The only useful message is confirmation that the error occurs when outputting data to mod_fcgid:
CVT :: Error flushing jpeg data
Try adjusting the FCGI buffer size. There is the FcgidOutputBufferSize parameter which you could try increasing: https://httpd.apache.org/mod_fcgid/mod/mod_fcgid.html#fcgidoutputbuffersize
The buffer should be adequate to the size of a single tile? A few of them? Or "as much as the user can ask for before they're received by the user"?
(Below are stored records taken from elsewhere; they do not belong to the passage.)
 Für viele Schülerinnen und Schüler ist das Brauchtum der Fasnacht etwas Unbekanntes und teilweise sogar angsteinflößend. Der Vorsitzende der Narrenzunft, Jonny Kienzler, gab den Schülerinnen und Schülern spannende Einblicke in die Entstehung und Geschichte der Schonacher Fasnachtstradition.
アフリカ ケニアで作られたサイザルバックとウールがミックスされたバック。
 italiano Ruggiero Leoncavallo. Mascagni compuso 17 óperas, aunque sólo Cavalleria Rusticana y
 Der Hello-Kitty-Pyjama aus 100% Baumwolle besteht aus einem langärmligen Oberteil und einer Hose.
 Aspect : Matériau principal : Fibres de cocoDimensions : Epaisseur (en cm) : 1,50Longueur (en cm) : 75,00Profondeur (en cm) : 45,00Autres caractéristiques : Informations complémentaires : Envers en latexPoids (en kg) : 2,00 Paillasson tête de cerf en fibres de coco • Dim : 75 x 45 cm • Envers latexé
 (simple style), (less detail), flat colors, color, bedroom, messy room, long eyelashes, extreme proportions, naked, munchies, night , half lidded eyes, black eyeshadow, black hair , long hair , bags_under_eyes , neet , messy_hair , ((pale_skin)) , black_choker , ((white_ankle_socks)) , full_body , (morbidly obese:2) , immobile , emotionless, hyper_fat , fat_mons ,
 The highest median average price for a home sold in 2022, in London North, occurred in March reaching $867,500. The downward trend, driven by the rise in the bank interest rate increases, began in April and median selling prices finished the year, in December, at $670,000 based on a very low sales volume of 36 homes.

It's 65K by default, so try doubling this and see if this helps. Double again if necessary. You could even try setting it to zero to disable buffering to see if that helps.
Okay, so:
Three more apache reboots were required,
The last one was - very similar.
Full Request is iiif=/home/patomorfa/tif2/12_89_512.tiff/24576,20480,2048,2048/512,/0/default.jpg
[1/1]: Command / Argument is iiif : /home/patomorfa/tif2/12_89_512.tiff/24576,20480,2048,2048/512,/0/default.jpg
IIIF handler reached
IIIF :: URL decoded to /home/patomorfa/tif2/12_89_512.tiff/24576,20480,2048,2048/512,/0/default.jpg
FIF handler reached
FIF :: URL decoding/filtering: /home/patomorfa/tif2/12_89_512.tiff => /home/patomorfa/tif2/12_89_512.tiff
FIF :: Image cache hit. Number of elements: 82
FIF :: TIFF image detected
FIF :: Created image
FIF :: Image dimensions are 121856 x 87040
FIF :: Image contains 3 channels with 8 bits per channel
FIF :: Image timestamp: Fri, 30 Dec 2016 16:38:37 GMT
FIF :: Total command time 405 microseconds
IIIF :: Requested Region: x:24576, y:20480, w:2048, h:2048
IIIF :: Requested Size: 512x512
IIIF :: Requested Rotation: 0 degrees
IIIF :: Requested Quality: default with format: jpg
IIIF :: image request for /home/patomorfa/tif2/12_89_512.tiff with arguments: region: 24576,20480,2048,2048; size: 512x512; ro
tation: 0; mirroring: 0
CVT handler reached
CVT :: Using resolution 6 with size 30464x21760
CVT :: Region: 6144,5120,512,512
CVT :: Requested scaled region size is 512x512 at resolution 6. Nearest existing resolution has region with size 512x512
TileManager getRegion :: Total tiles in image: 60x43 tiles
TileManager getRegion :: Tile start: 12,10 with offset: 0,0
TileManager getRegion :: Tile end: 12,10
TileManager :: Cache Miss for resolution: 6, tile: 612
TileManager :: Cache Size: 13 tiles, 9.9887 MB
TileManager :: Tile cache insertion time: 438 microseconds
TileManager :: Total Tile Access Time: 20823 microseconds
TileManager getRegion :: Tile access time 20936 microseconds for tile 612 at resolution 6
TileManager getRegion :: destination tile width: 512, tile height: 512
CVT :: Error flushing jpeg data
CVT :: About to JPEG compress strip with height 128
CVT :: Compressed data strip length is 25274
CVT :: Error writing jpeg strip data: 25274
CVT :: About to JPEG compress strip with height 128
CVT :: Compressed data strip length is 23793
CVT :: Error writing jpeg strip data: 23793
CVT :: About to JPEG compress strip with height 128
CVT :: Compressed data strip length is 22662
CVT :: Error writing jpeg strip data: 22662
CVT :: About to JPEG compress strip with height 128
CVT :: Compressed data strip length is 21351
CVT :: Error writing jpeg strip data: 21351
CVT :: Error writing jpeg EOI markers
CVT :: Total command time 33849 microseconds
IIIF :: Total command time 34337 microseconds
Memcached :: stored 93305 bytes in 243 microseconds
Total Request Time: 34730 microseconds
image closed and deleted
Server count is 21850
Caught Terminated signal. Terminating after 20574 accesses
Wed Jan 25 15:10:45 2017
<----------------------------------->
Caught Terminated signal. Terminating after 21850 accesses
Wed Jan 25 15:10:45 2017
<----------------------------------->
<----------------------------------->
<----------------------------------->
I've just increased the buffer size and keep monitoring the situation. Although it doesn't sound like fixing the root of the problem, 64 KB sounds small nowadays for any kind of buffer. I've set it to 256 KB.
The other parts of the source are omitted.